_EXERCISE DESCRIPTION:_
Restate the data below word for word, and let no image into your version.

-*-

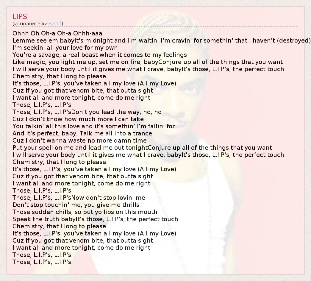 I will serve your body until it gives me what I crave, babyIt's those, L.I.P's, the perfect touch
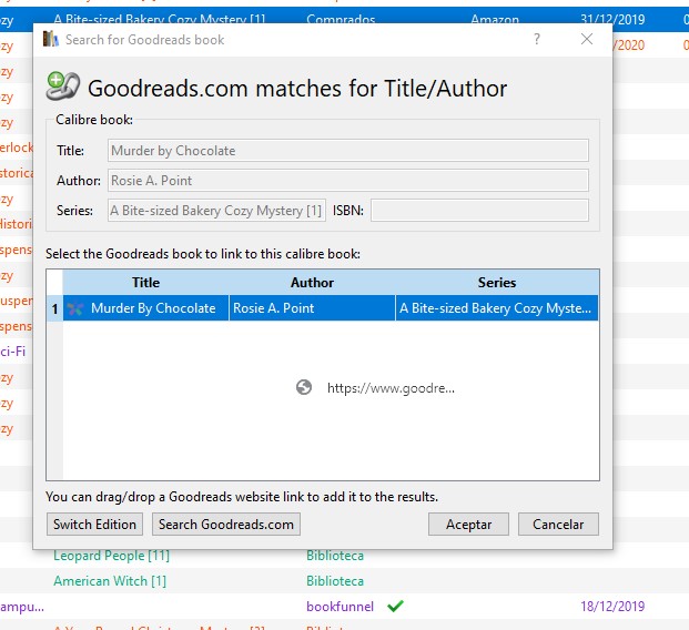 I have a problem now. Before, when I was searching for a goodreads match, if the book I wanted wasn't in the dialog box, I could drag the link and link it with the book. Now, when I drag the link, it is not included in the dialog box anymore, only a forbidden icon appears. I'm using calibre 4.7 for Windows 64 bits over Win 10.
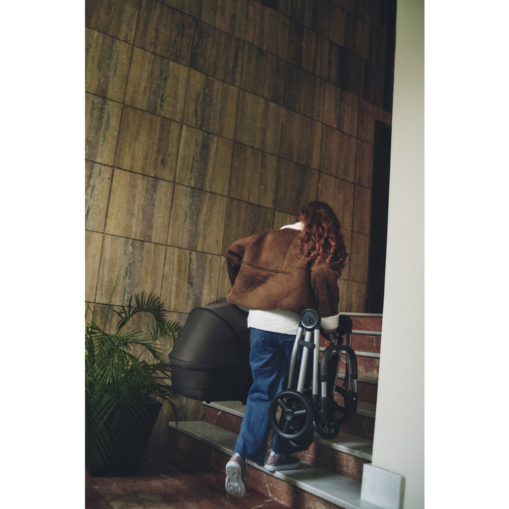 Maximálna kompaktnosť, aby sa zmestil do auta, lietadla a dokonca šetrí miesto v domácnosti. Rám zložíte spolu so sedacou jednotkou v oboch smeroch a vaničku dokonca zložíte do veľkosti príručnej batožiny. Ľahká konštrukcia umožňuje prenášať kočík jednou rukou, či už v každodennom živote alebo na medzinárodných cestách.
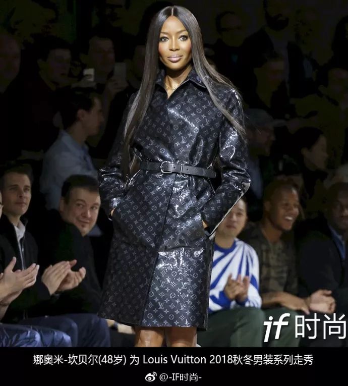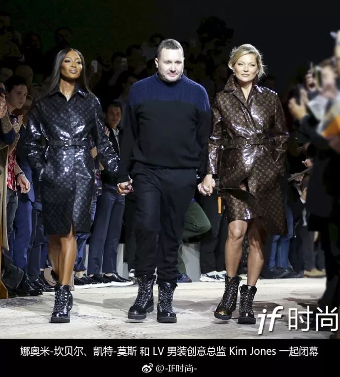 if 姐心想一定有惊喜降临,屏住呼吸等待——原来是娜奥米-坎贝尔和凯特-莫斯两大英伦传奇超模一前一后穿着LV 的风衣走上秀场。
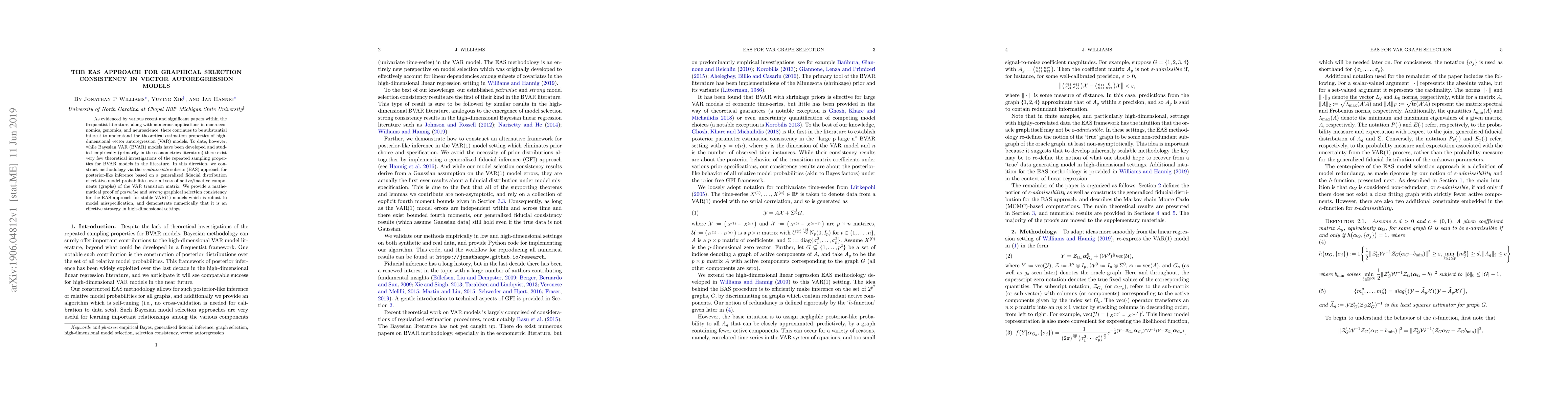 This paper develops an $\varepsilon$-$admissible$ subsets (EAS) approach for posterior-like inference in high-dimensional vector autoregression (VAR) models, proving pairwise and strong graphical selection consistency in stable VAR(1) models, and demonstrating its effectiveness in high-dimensional settings. The methodology is robust to model misspecification and extends theoretical understanding of Bayesian VAR models.

-*-

_TASK RESULT:_
 I will serve your body until it gives me what I crave, babyIt's those, L.I.P's, the perfect touch
 I have a problem now. Before, when I was searching for a goodreads match, if the book I wanted wasn't in the dialog box, I could drag the link and link it with the book. Now, when I drag the link, it is not included in the dialog box anymore, only a forbidden icon appears. I'm using calibre 4.7 for Windows 64 bits over Win 10.
 Maximálna kompaktnosť, aby sa zmestil do auta, lietadla a dokonca šetrí miesto v domácnosti. Rám zložíte spolu so sedacou jednotkou v oboch smeroch a vaničku dokonca zložíte do veľkosti príručnej batožiny. Ľahká konštrukcia umožňuje prenášať kočík jednou rukou, či už v každodennom živote alebo na medzinárodných cestách.
 if 姐心想一定有惊喜降临,屏住呼吸等待——原来是娜奥米-坎贝尔和凯特-莫斯两大英伦传奇超模一前一后穿着LV 的风衣走上秀场。
 This paper develops an $\varepsilon$-$admissible$ subsets (EAS) approach for posterior-like inference in high-dimensional vector autoregression (VAR) models, proving pairwise and strong graphical selection consistency in stable VAR(1) models, and demonstrating its effectiveness in high-dimensional settings. The methodology is robust to model misspecification and extends theoretical understanding of Bayesian VAR models.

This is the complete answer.